__Activity__.
Everything from the line that holds "そもそも、たとえ私が自費で仮" through the end of the records below is to be transcribed exactly, except the pictures.

__Excerpted records__.
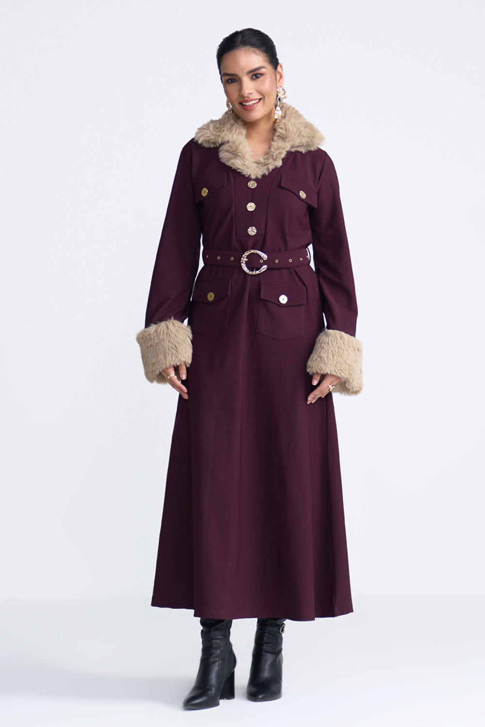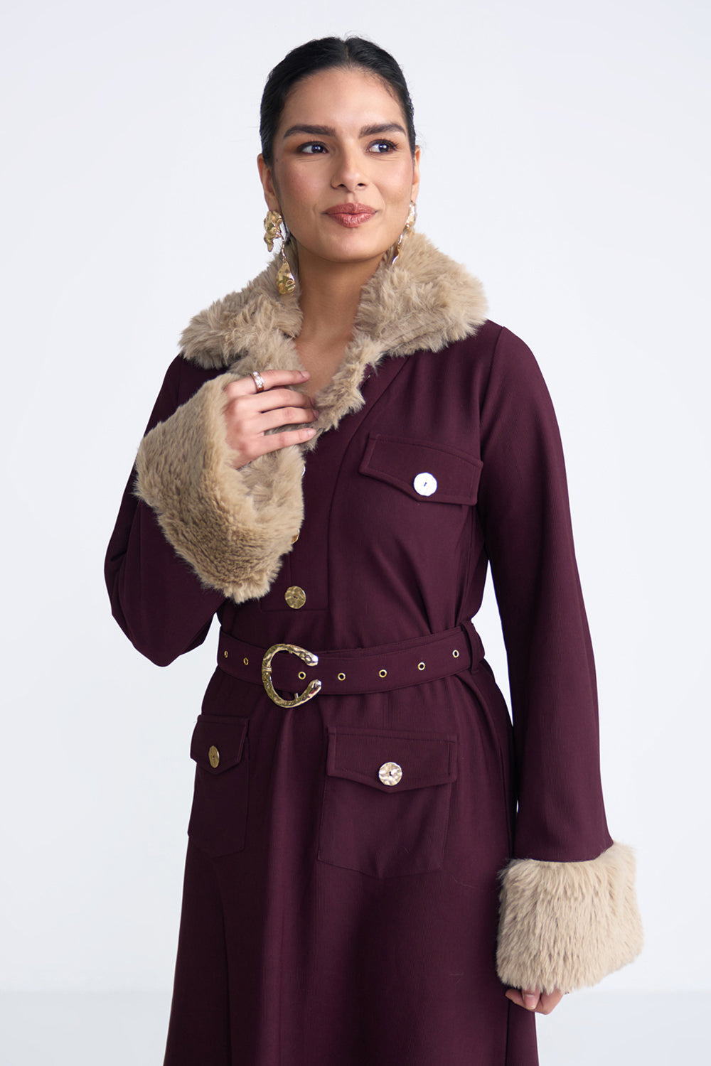 The Bianca dress in maroon rib fabric has a beautiful stretch, touch and feel to it. We've add fur trimmings with glamorous buttons to create an alluring evening look.
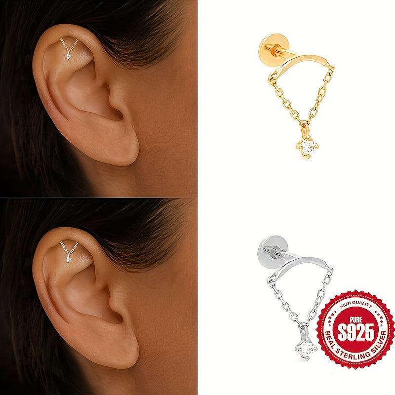 This flat head thread ear bone stud is made of 925 silver, offering a low allergy option with a sense of style. Perfect for everyday wear.
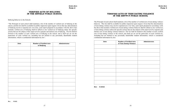 VERIFIED ACTS OF TEEN DATING VIOLENCE IN THE ENFIELD PUBLIC SCHOOL
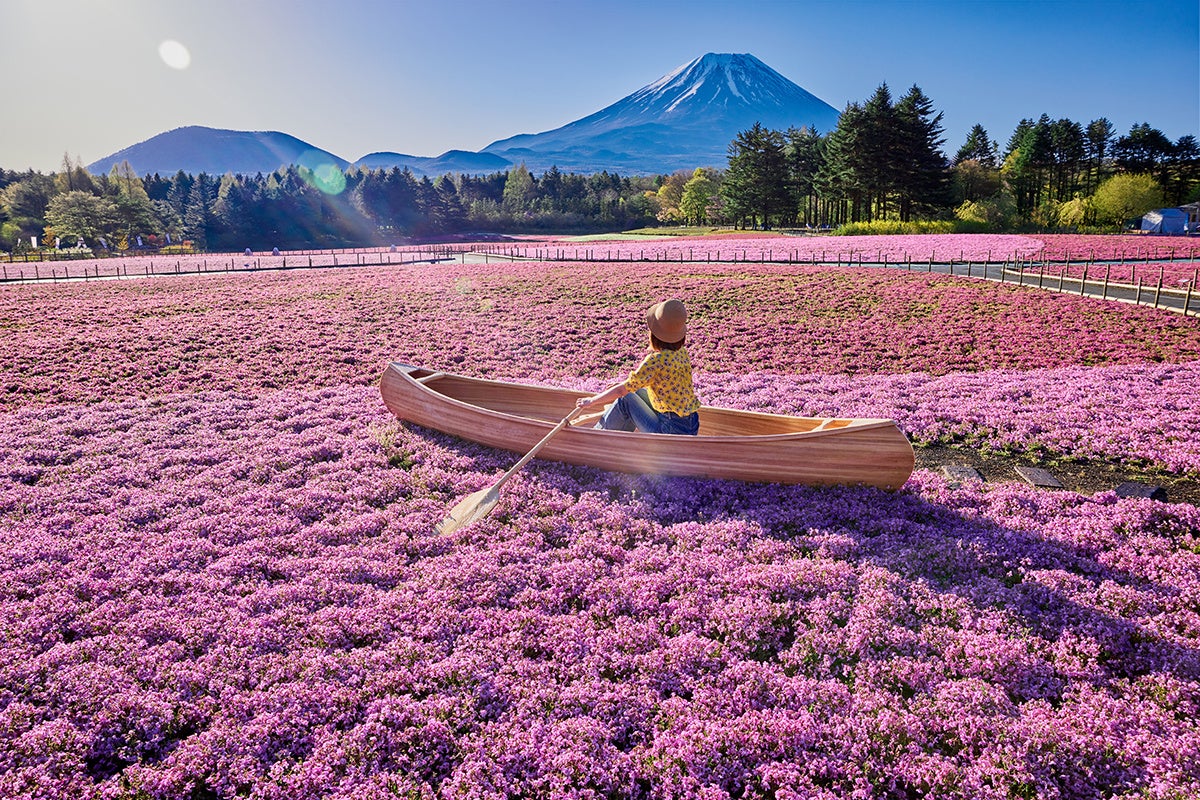 「富士芝桜まつり」は、富士山の雄大な姿を正面に望み、約50万株の芝桜が広大な園内を染め上げる迫力満点の春の風物詩。ピンクや紫など7種の芝桜が作り出す景色はまるで絵本のようなかわいらしさです。「ピンクの海を旅する小舟」といったフォトスポットも設置され、景観に溶け込む没入体験もかないます。
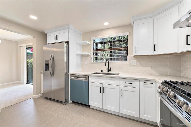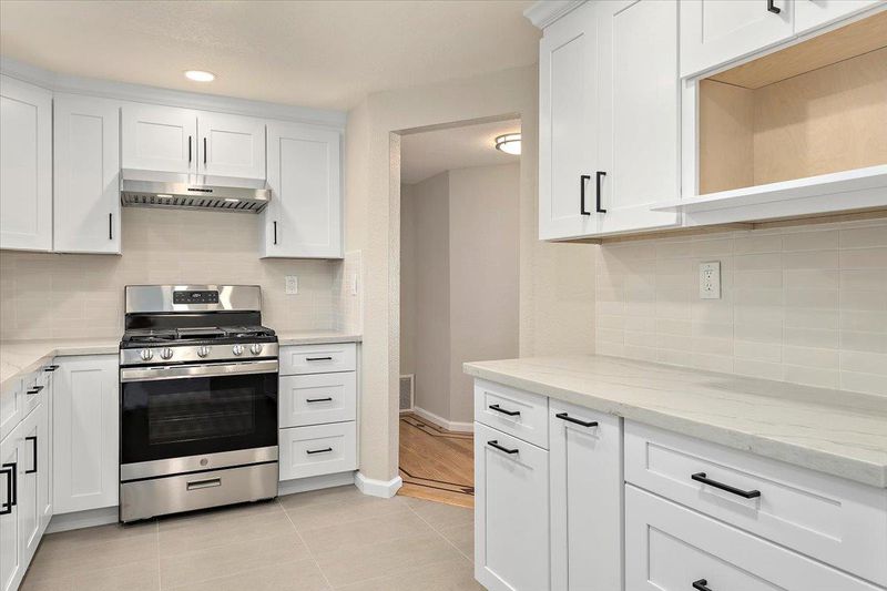 - Countertop - Quartz, Dishwasher, Garbage Disposal, Hood Over Range, Oven Range - Gas, Refrigerator
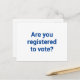 ¿Está registrado para votar? elección política, tarjeta postal de voluntariado para ayudar a registrar votantes.
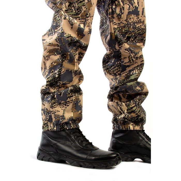straight cut pants. The bottom of the trousers and the belt are assembled on the elastic band, and there are additions to the belt. Two oblique pockets at the belt.
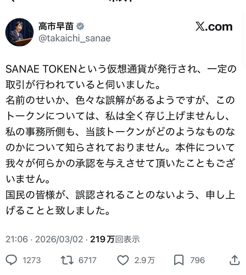 そもそも、たとえ私が自費で仮想通貨をつくったとしても、サナエトークンなんかにはしないですよ。普通、これは常識で考えて当たり前じゃないですか。私はそんなタイプの人間ではないんですよ。
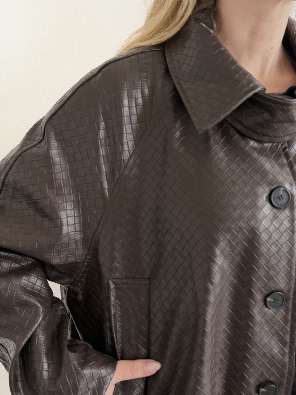 Tato bomber bunda z proplétané kůže v luxusní hnědé barvě působí sofistikovaně, nadčasově a zároveň velmi současně.
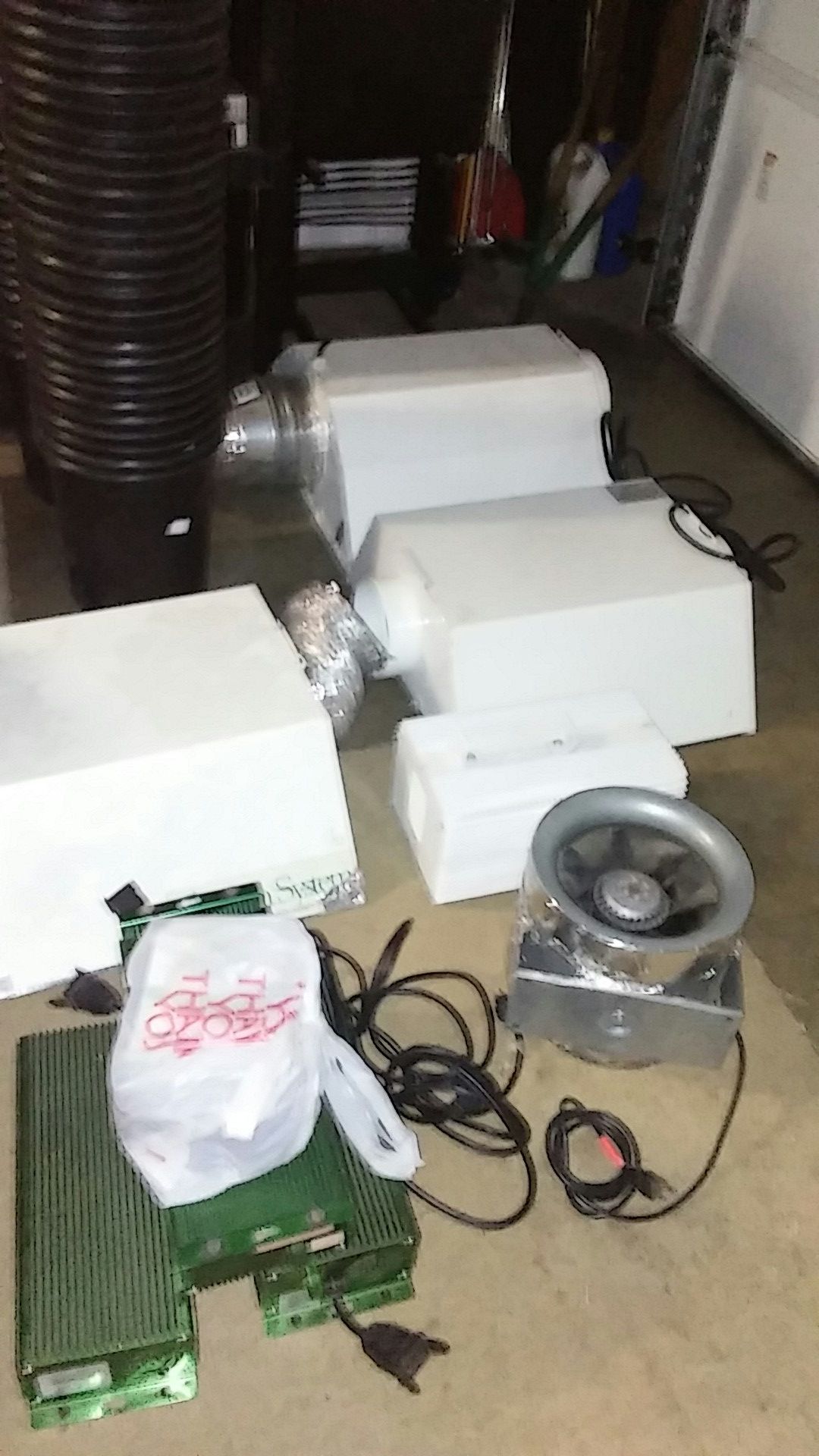 5 1000w lights and ballasts.fan and extra pieces.150 per light and ballast.sun system lights and galaxy ballasts.

__Answer area__.
 そもそも、たとえ私が自費で仮想通貨をつくったとしても、サナエトークンなんかにはしないですよ。普通、これは常識で考えて当たり前じゃないですか。私はそんなタイプの人間ではないんですよ。
 Tato bomber bunda z proplétané kůže v luxusní hnědé barvě působí sofistikovaně, nadčasově a zároveň velmi současně.
 5 1000w lights and ballasts.fan and extra pieces.150 per light and ballast.sun system lights and galaxy ballasts.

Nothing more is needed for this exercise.